((
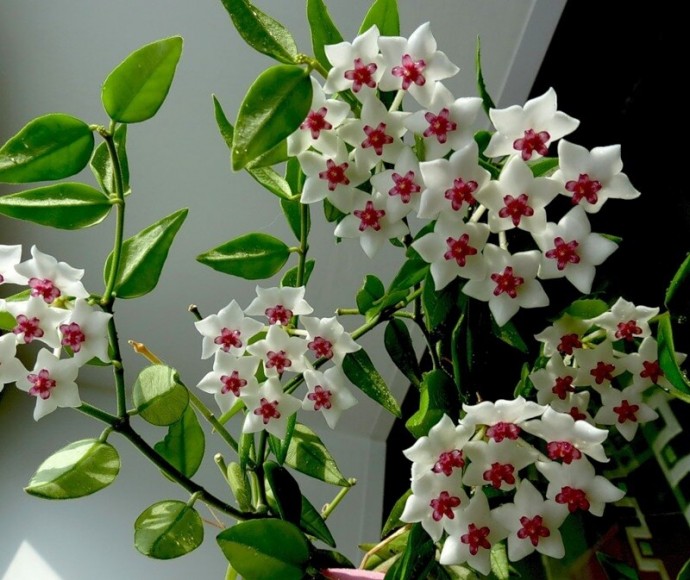 Что стоит знать про хойю (Восковой плющ) Хойя представляет собой вечнозеленую красивоцветущую лиану. При выращивании в комнатных условиях ее длина достигает не более 5–6 м. . УХОД Чтобы куст нормально рос и развивался, а также обладал высокой декоративностью, ему понадобится создать условия, которые будут очень близки к тем, что наблюдаются в тропиках. . Температура В комнате должно быть 20–30 градусов. Растению необходим свежий воздух, в связи с этим надо регулярно проветривать комнату. При жела...
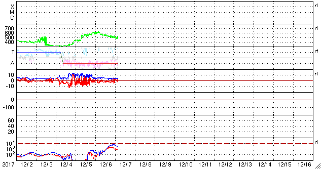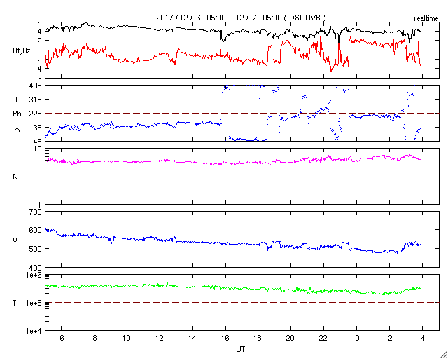 2017/12/ 5 11:43 太陽風の磁場強度が強まり、コロナホールの影響が及び始めた様です。
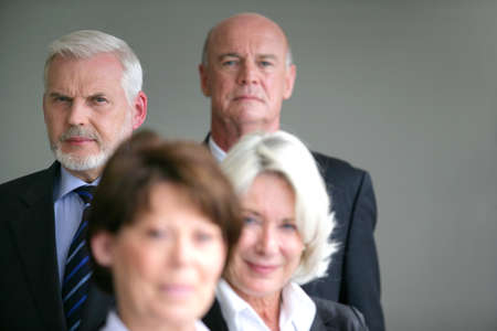 Portrait of a group of smiling senior businesspeople standing together in office
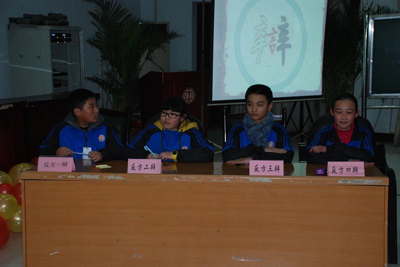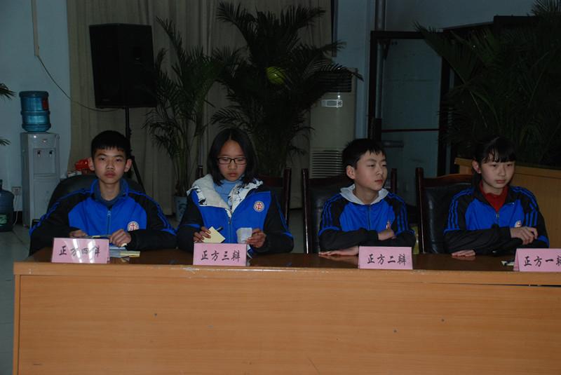 经过近三个月的培训,层层筛选,最终八位选手脱颖而出,他们是:熊馨宁 易黄翔 游羽焓 何子杰 姜卜文 游谨忆 王无忌 郭思怡。当主持人宣布此次辩论赛开始之后,八位选手按照辩论规则依次发表自己的观点。立论环节,正方一辩气势逼人,反方则有条不紊;攻辩环节,双方均以事实为依据,以数据作支撑,狠抓对方漏洞……精彩纷呈;自由辩论环节中更是你来我往互不相让,将整场辩论赛推向高潮;最后,双方四辩用精炼的语言概括了本方的观点,为辩论环节画上一个圆满的句号。
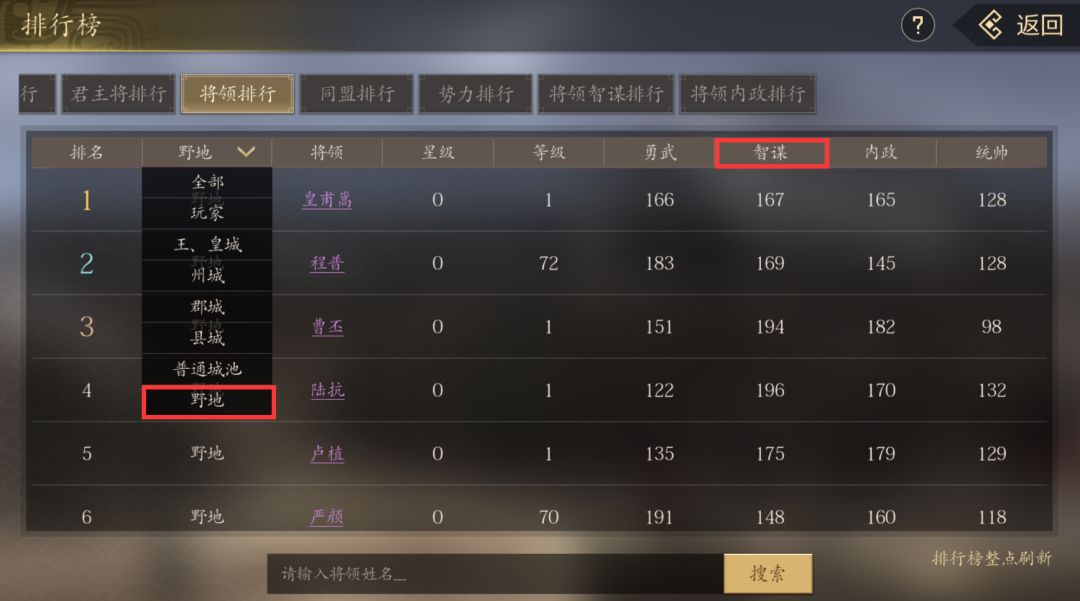 首先是在野地里的将领,这是前期最容易抓的将领。首先我们可以点开排行榜选择将领排行,筛选出在野地里的将领,然后将属性降序排列,选择高属性的将领。选择将领在客栈里进行寻访,然后前往对应的坐标对其进行攻占。注意将领的忠诚度要低于50才有概率抓捕,所以一般在野地的将领很大几率会逃跑,逃跑以后需要再次在客栈里寻访将领的坐标位置(一般需要5、6次的攻占)。
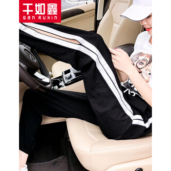 干如鑫休闲裤女运动裤女夏薄款2020新款九分束脚休闲怪味哈伦裤百搭宽松九分灯笼雪纺裤纱显瘦裤子女 黑色 XL(105-120斤)
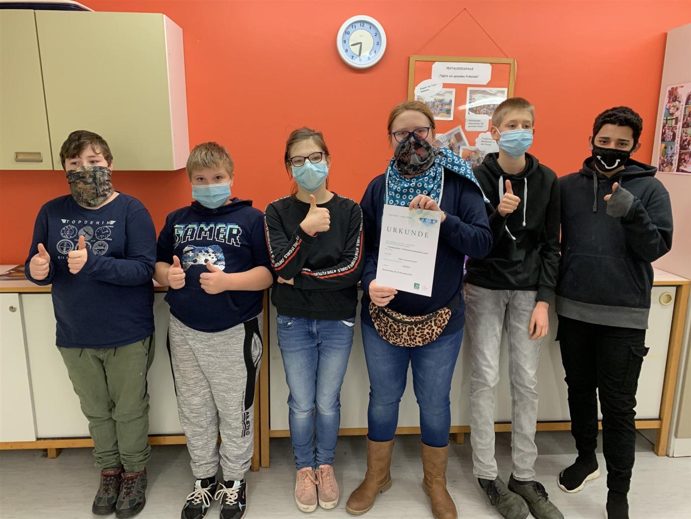 Die Schülerinnen und Schüler der Pestalozzischule freuen sich über eine Auszeichnung in Höhe von 1500 Euro. Das Projekt „Täglich ein gesundes Frühstück“ wurde von der Jury der PSD Bank Braunschweig als eines der besten Projekte, die sich neben 56 anderen der Region um den Wettbewerb „Eure Vision - unsere Aktion“ beworben hatten, prämiert.
))
Exercise description: Everything above from the line containing "经过近三个月的培训,层层筛选,最终八位选手脱颖而出,他们是:熊馨宁 易黄翔 游羽焓" through the line containing "干如鑫休闲裤女运动裤女夏薄款2020新款九分束脚休闲怪味哈伦裤百搭宽松九分灯笼雪纺裤纱显瘦裤子女 黑色 XL(105-120斤)" must be repeated exactly, and the pictures must be left out.

Finished task:
 经过近三个月的培训,层层筛选,最终八位选手脱颖而出,他们是:熊馨宁 易黄翔 游羽焓 何子杰 姜卜文 游谨忆 王无忌 郭思怡。当主持人宣布此次辩论赛开始之后,八位选手按照辩论规则依次发表自己的观点。立论环节,正方一辩气势逼人,反方则有条不紊;攻辩环节,双方均以事实为依据,以数据作支撑,狠抓对方漏洞……精彩纷呈;自由辩论环节中更是你来我往互不相让,将整场辩论赛推向高潮;最后,双方四辩用精炼的语言概括了本方的观点,为辩论环节画上一个圆满的句号。
 首先是在野地里的将领,这是前期最容易抓的将领。首先我们可以点开排行榜选择将领排行,筛选出在野地里的将领,然后将属性降序排列,选择高属性的将领。选择将领在客栈里进行寻访,然后前往对应的坐标对其进行攻占。注意将领的忠诚度要低于50才有概率抓捕,所以一般在野地的将领很大几率会逃跑,逃跑以后需要再次在客栈里寻访将领的坐标位置(一般需要5、6次的攻占)。
 干如鑫休闲裤女运动裤女夏薄款2020新款九分束脚休闲怪味哈伦裤百搭宽松九分灯笼雪纺裤纱显瘦裤子女 黑色 XL(105-120斤)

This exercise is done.